The Lifeboat Problem

Lifeboat2smallImagine a life boat and 20 kids in the water. You are the teacher in the lifeboat trying to save the kids in the water. You know that 6 of the kids can swim and 8 of them can't. You jump in the water and start pulling kids to the lifeboat. Which kids do you save first? That is the choice kindergarten teachers in high-poverty schools face. They want to save all of them but, because of the dire circumstances, you have to decide on your priorities.

If I were teaching Kindergarten in a high-poverty school and had 6 students from Head Start who already knew many letters, who could get along with peers, and whose parents were supportive and participated in their child's education (a Head Start requirement) then I might focus all of my energies on the 8 kids in my class who didn't know any letters when they got to school, who were socially delayed, and whose parents were not supportive of their learning. It is a matter of priority. Just because a kid enters kindergarten ahead of their peers doesn't mean they have to leave ahead of their peers. The Head Start kids' instruction is sacrificed for the progress of the rest of the class.

The Head Start Impact Study final report released on January 13th found that there were few benefits by first grade from attending Head Start. This isn't really surprising to me. Many of the benefits of high-quality pre-k are "time release" benefits. They don't surface until they are necessary. The role of Head Start is to level the playing field and to me the report confirms this function, almost too well.
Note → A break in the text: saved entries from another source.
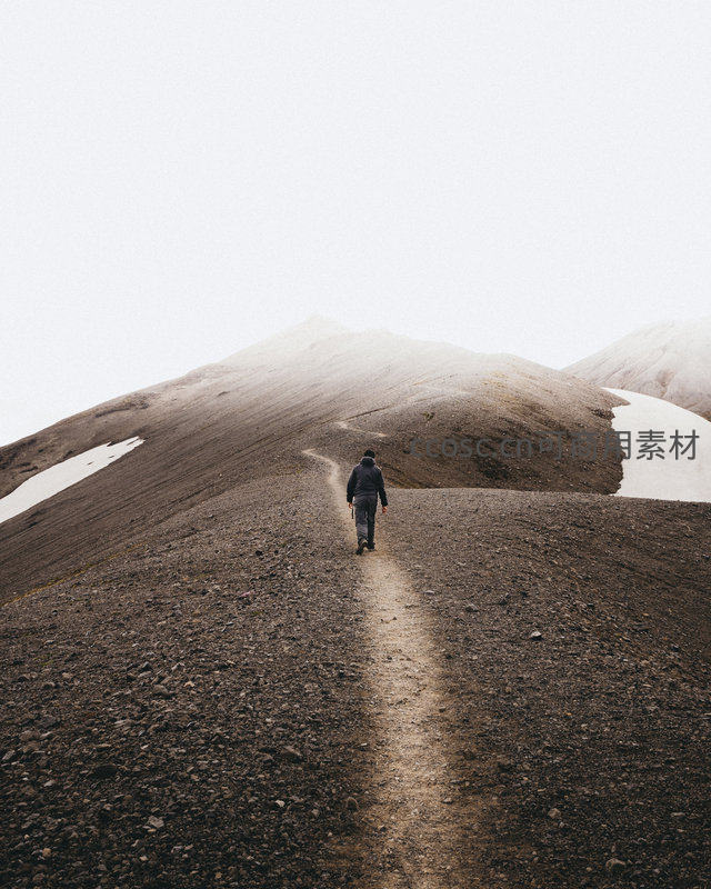 一人背影行走在荒芜的山脊小径上,远处山峦覆雪,天空灰白,画面充满孤寂与探索的意境,展现人与自然的对话。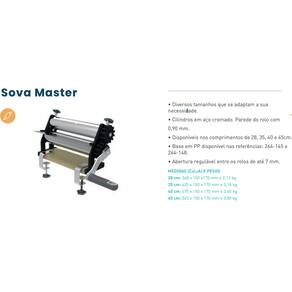 Preparar massas com o sova master ficou muito mais rápido e prático. Ideal para laminar massas para pães, lasanhas, pastéis e muito mais. Os cilindros são cromados, possuem regulagem de espessura e a fixação para prender o produto em uma superfície é por morsas reguláveis.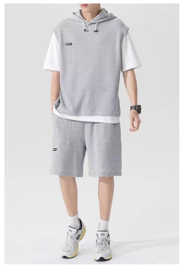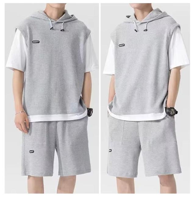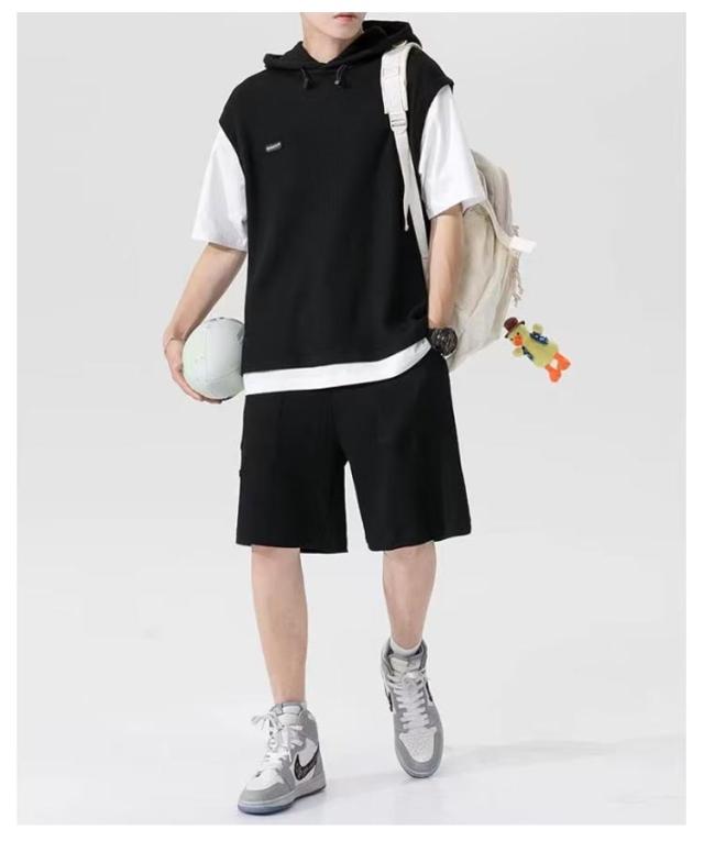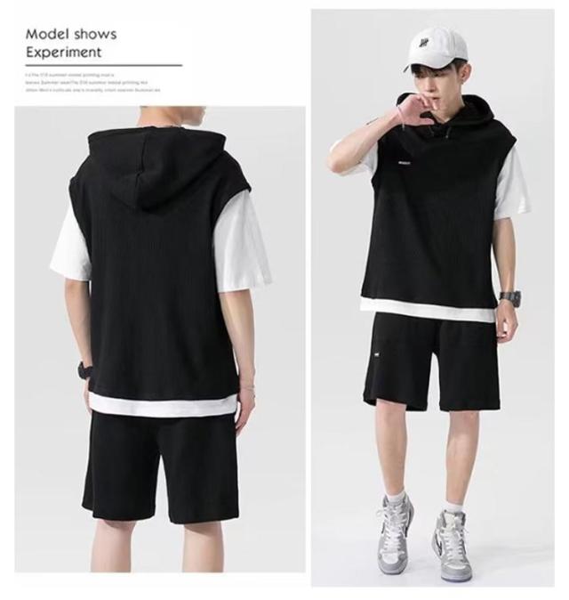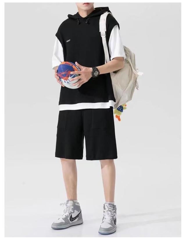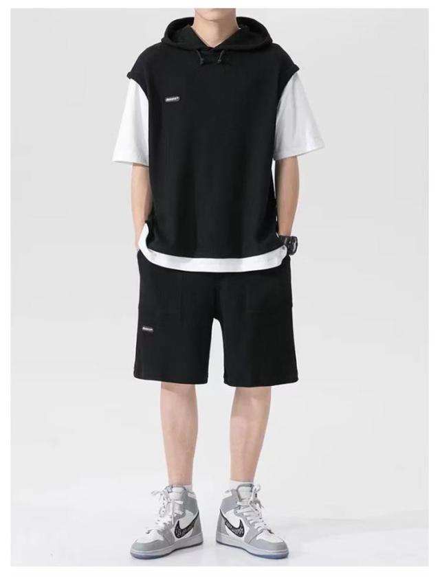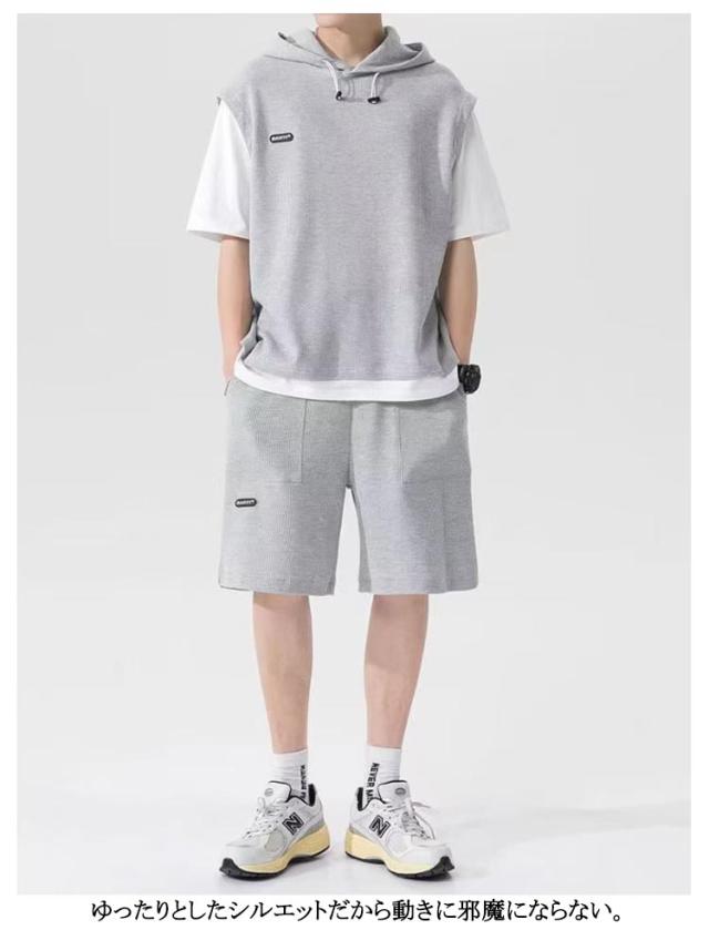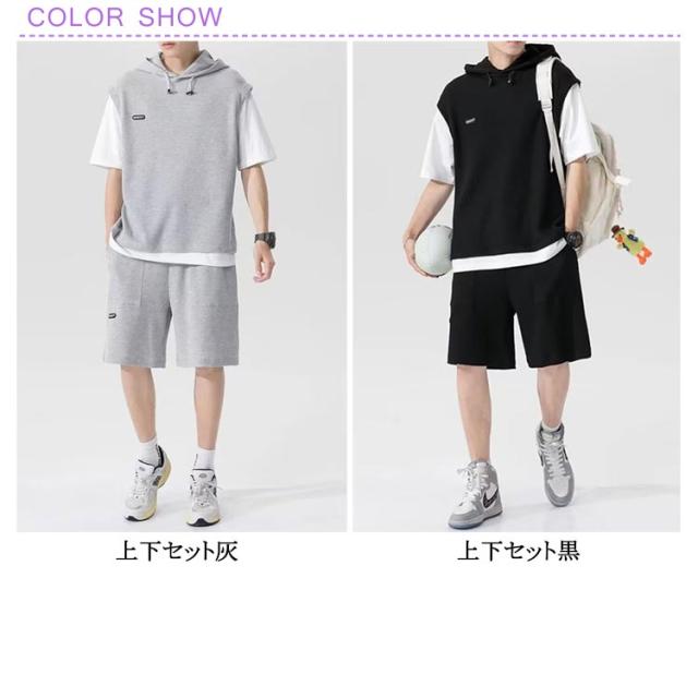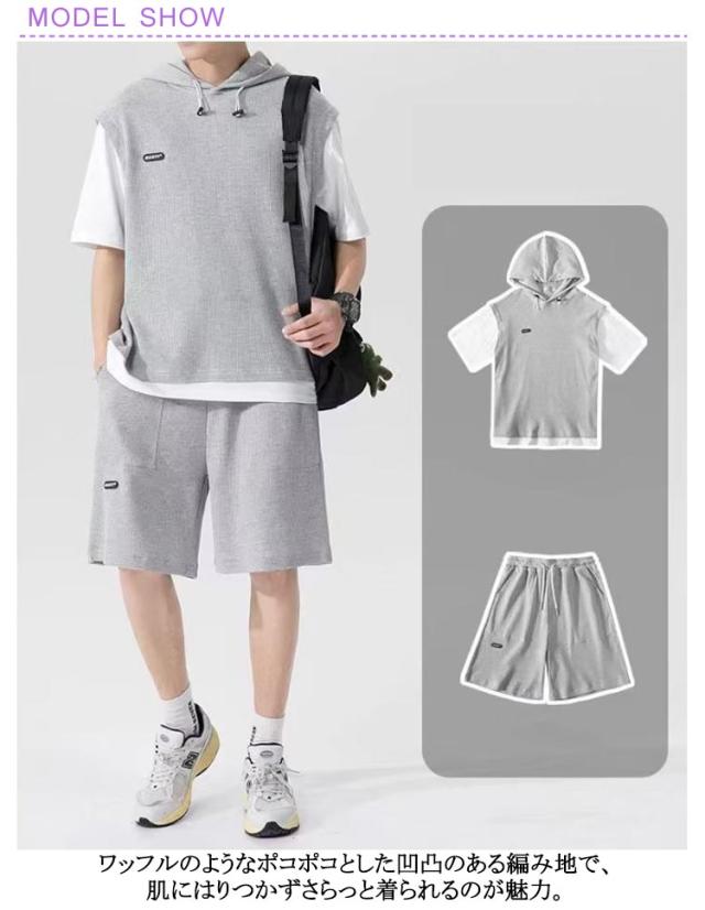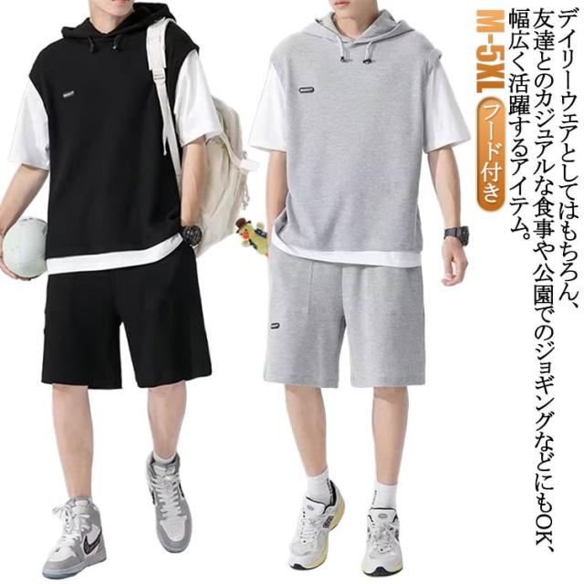 カットソー 重ね着風 スポーツウエア メンズ 夏用 フード付き 上下セット カジュアル 半袖パーカー 重ね着風 プルオーバー ショートパンツ 2点セット 大きサイズ ゆったり 半ズボン

The study also had a finding that is very important to advocates of open access to preschool all over the country. The report states "60 percent of control group parents enrolled their children in some other type of preschool program in the first year." This suggests that access to preschool programs was a priority for most of the sample families. Parents want their children in center-based early childhood settings, whether they are Head Start or not. It is up to our states to make sure that these high-quality settings are accessible to all children who need them.

Garces, Thomas, & Currie have made the assertion that Head Start develops students overall human capital. Currie has also cited the myth of fade as an aspect of Head Start students being more likely to attend lower quality schools than those who do not. I have two suspicions that I believe will, in two years, contradict some of the recent criticism of Head Start brought on by this study.

By 3rd grade, the higher vocabulary scores of students with Head Start and pre-k experiences will affect the trajectory of reading ability and academic success as suggested by
Hart & Risley

The second point I believe will bear out is that students who were in the 3 year old program will be significantly less likely to be referred for special education services, a cost savings for federal, state and local education agencies that will outweigh the cost of providing the two years of Head Start.

My cards are on the table, lets see what happens.